| Problem to solve |
Restate, word for word, each entry that follows, but skip its pictures.

═══ Given records ═══

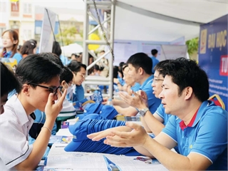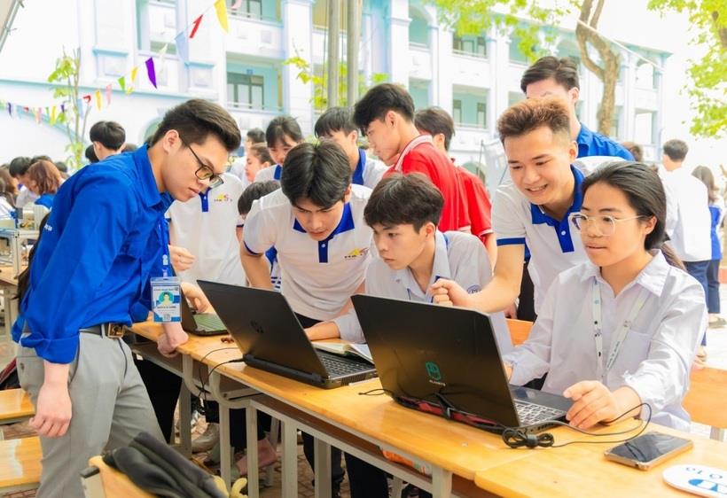 Sinh viên Đại học Công nghiệp Hà Nội trong một hoạt động dành cho học sinh THPT ở Hà Nội hồi tháng 4. (Ảnh: HaUI)
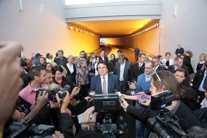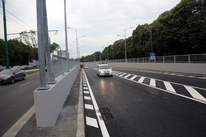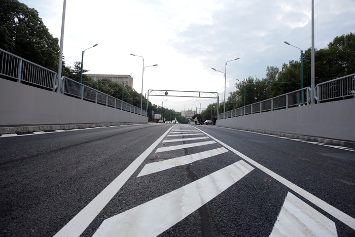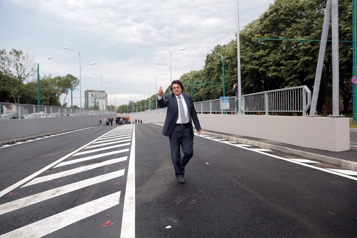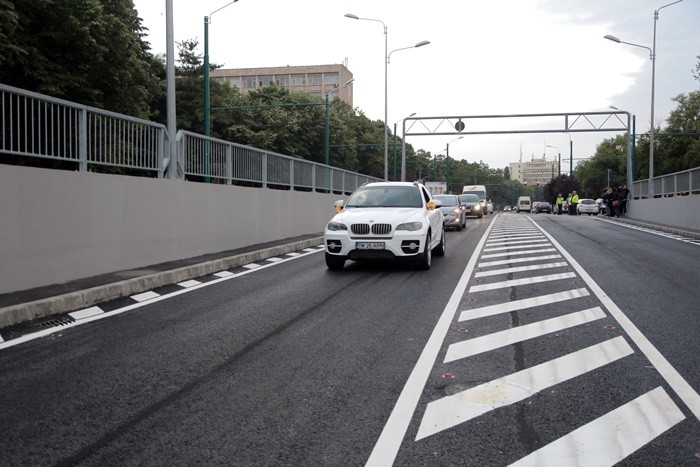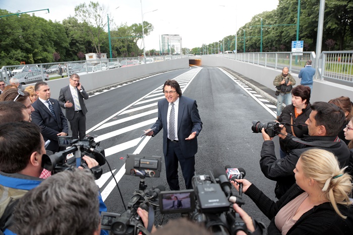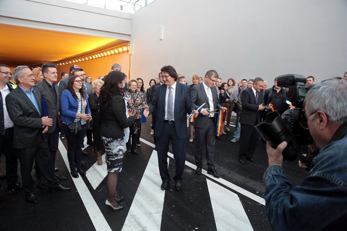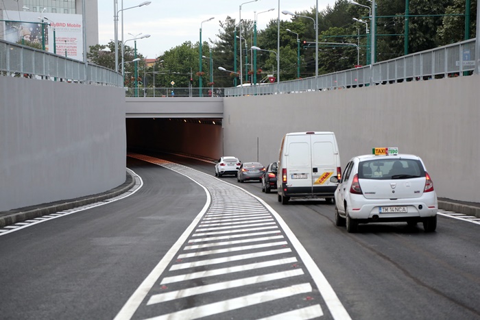 ”Am reusit sa finalizam acest proiect foarte important. Lucrarea a fost una complexa care a avut mai multe componente. Sa nu uitam ca dincolo de realizarea pasajului a fost reabilitat podul Michelangelo, au fost schimbate 9 retele de utilitati la nivel de magistrala, ca la suprafata s-a redefinit intersectia s-a facut mult mai aspectuoasa si mai functionala decat era inainte si ca partea cea mai grea a fost realizarea pasajului . Acesta re 455 metri lungime si cu partea acoperita de circa 125 de metri. Termenul de finalizare al acestei lucrari a fost 29 mai 2015. Veti vedea din datele cifrice ca durata de executie a fost de 14 luni. Evident ca au fost perioada in care nu s-a putut lucra si au fost ordine de intrerupere a lucrarilor, datorita conditiilor meteo. Si reprogramandu-se teremnul si tinaid seama de aceste perioada in care nu s-a putut lucra, teremnul final era 29 mai 2015. Am avut parte si de o iarna serioasa, drept urmare din toate punctele de vedere putem sa ne laudam cu performante aici. S-a lucrat superb la spatiile verzi din zona. Au fost plantati arbori 70 de bucati, arbusti 130 de bucati, s-au amenajat zone verzi, au fost montate cosuri de gunoi. Eu cred ca ne putem mandri cu aceasta lucrare”, a spus Robu.
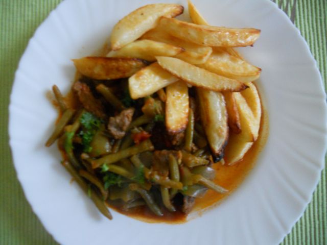 Danes: dušen stročji fižol z mesom, pečen krompir, solata
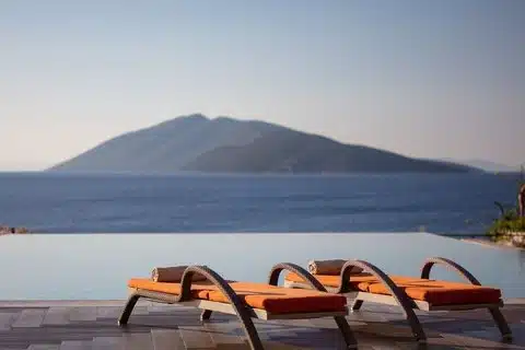 A private beach and infinity pool overlooking the sea.
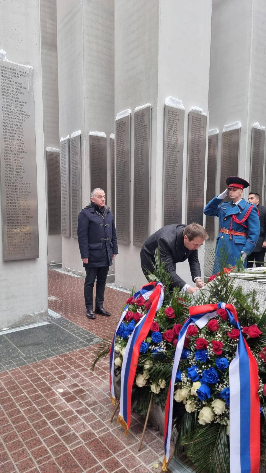 U ime Republike Srbije vijenac su položili ministar pravde Nenad Vujić i ministar kulture Nikola Selaković, ambasador Republike Srbije u BiH Ivan Todorov i generalni konzul Republike Srbije u Banjaluci Miloš Vujić.
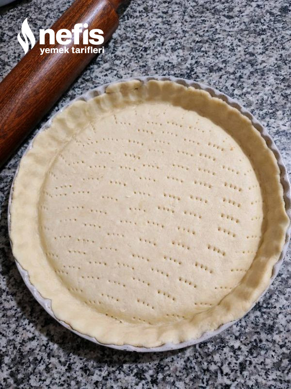 - Tart kalıbı büyüklüğünde açın. (ben biraz küçük açmışım ön pişirmede çekti).
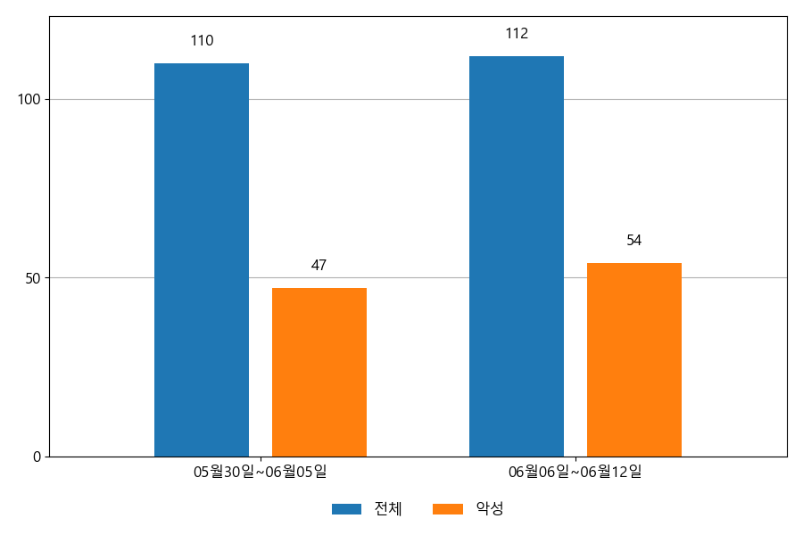 지난주 이메일 유입량은 총 112건이고 그중 악성은 54건으로 48.21%의 비율을 보였습니다. 악성 이메일의 경우 그 전주 47건 대비 54건으로 7건이 증가했습니다.
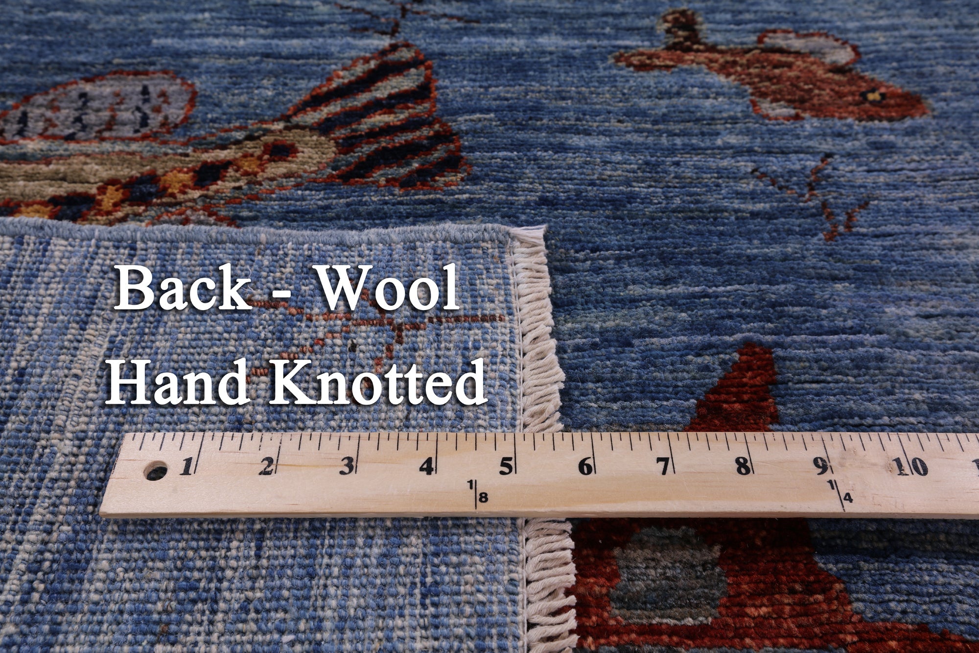 Blue 6' 1" X 8' 8" Gabbeh Fish Design Handmade Wool Rug - Q18677

═══

| Solution to this problem |
 Sinh viên Đại học Công nghiệp Hà Nội trong một hoạt động dành cho học sinh THPT ở Hà Nội hồi tháng 4. (Ảnh: HaUI)
 ”Am reusit sa finalizam acest proiect foarte important. Lucrarea a fost una complexa care a avut mai multe componente. Sa nu uitam ca dincolo de realizarea pasajului a fost reabilitat podul Michelangelo, au fost schimbate 9 retele de utilitati la nivel de magistrala, ca la suprafata s-a redefinit intersectia s-a facut mult mai aspectuoasa si mai functionala decat era inainte si ca partea cea mai grea a fost realizarea pasajului . Acesta re 455 metri lungime si cu partea acoperita de circa 125 de metri. Termenul de finalizare al acestei lucrari a fost 29 mai 2015. Veti vedea din datele cifrice ca durata de executie a fost de 14 luni. Evident ca au fost perioada in care nu s-a putut lucra si au fost ordine de intrerupere a lucrarilor, datorita conditiilor meteo. Si reprogramandu-se teremnul si tinaid seama de aceste perioada in care nu s-a putut lucra, teremnul final era 29 mai 2015. Am avut parte si de o iarna serioasa, drept urmare din toate punctele de vedere putem sa ne laudam cu performante aici. S-a lucrat superb la spatiile verzi din zona. Au fost plantati arbori 70 de bucati, arbusti 130 de bucati, s-au amenajat zone verzi, au fost montate cosuri de gunoi. Eu cred ca ne putem mandri cu aceasta lucrare”, a spus Robu.
 Danes: dušen stročji fižol z mesom, pečen krompir, solata
 A private beach and infinity pool overlooking the sea.
 U ime Republike Srbije vijenac su položili ministar pravde Nenad Vujić i ministar kulture Nikola Selaković, ambasador Republike Srbije u BiH Ivan Todorov i generalni konzul Republike Srbije u Banjaluci Miloš Vujić.
 - Tart kalıbı büyüklüğünde açın. (ben biraz küçük açmışım ön pişirmede çekti).
 지난주 이메일 유입량은 총 112건이고 그중 악성은 54건으로 48.21%의 비율을 보였습니다. 악성 이메일의 경우 그 전주 47건 대비 54건으로 7건이 증가했습니다.
 Blue 6' 1" X 8' 8" Gabbeh Fish Design Handmade Wool Rug - Q18677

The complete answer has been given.